The map() function is an adnvantage method of apply family functions.
1.Introducing purrr
Package purrr, fucntion map()
Advantages of the map fucntion in purrr:
- Handy shortcts for specifying .f
- More consistent than sapply(), lapply(), which makes them better for programming
- Takes much less time to solve iteration problems
All the map functions in purrr take a vector, .x, as the first argument, then return .f applied to each element of .x. The type of object that is returned is determined by function suffix (the part after _):
- map() returns a list or data frame
- map_lgl() returns a logical vector
- map_int() returns a integer vector
- map_dbl() returns a double vector
- map_chr() returns a character vector
2.Shortcuts
In R, a one-sided formula starts with a ~, followed by an R expression. In purrr’s map functions, the R expression can refer to an element of the .x argument using the . character.

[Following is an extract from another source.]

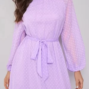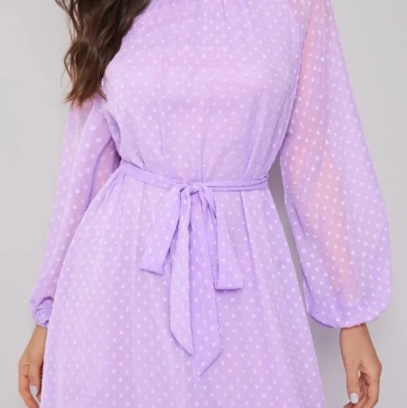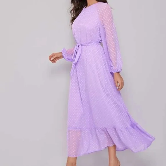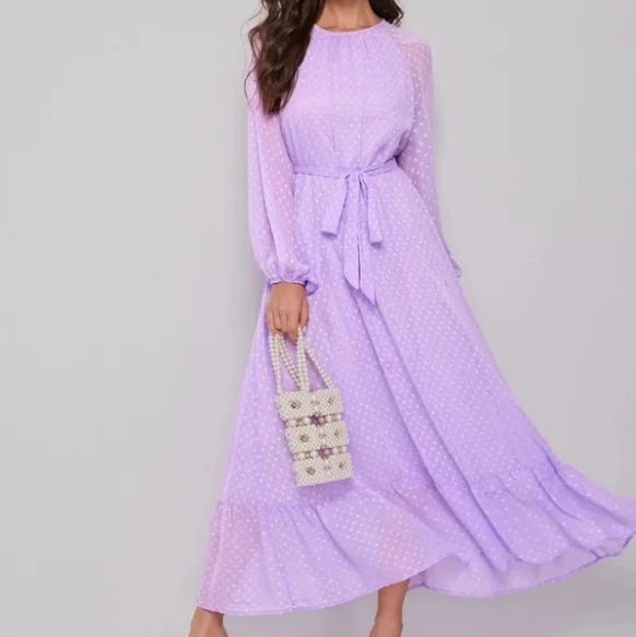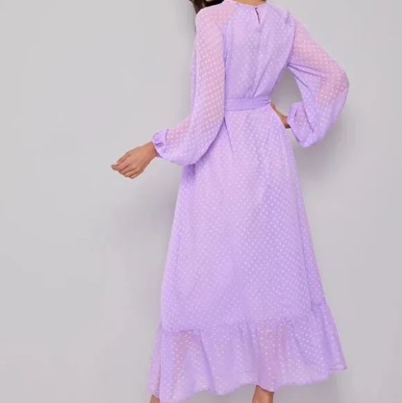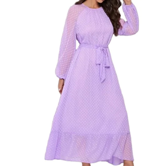 Autumn Women’s Raglan Lantern Sleeve Flounce Hem Swiss Dot Dress O-Neck Elegant Woven Maxi Dress

map(cyl, function(df) lm(mpg ~ wt, data = df))
OR:
map(cyl, ~ lm(mpg ~ wt, data = .))
3.Dealing with failure
safely() is an adverb; it takes a verb and modifies it. That is, it takes a function as an argument and it returns a function as its output. The function that is returned is modified so it never throws an error (and never stops the rest of your computation!).
For example:
Create safe_readLines() by passing readLines() to safely()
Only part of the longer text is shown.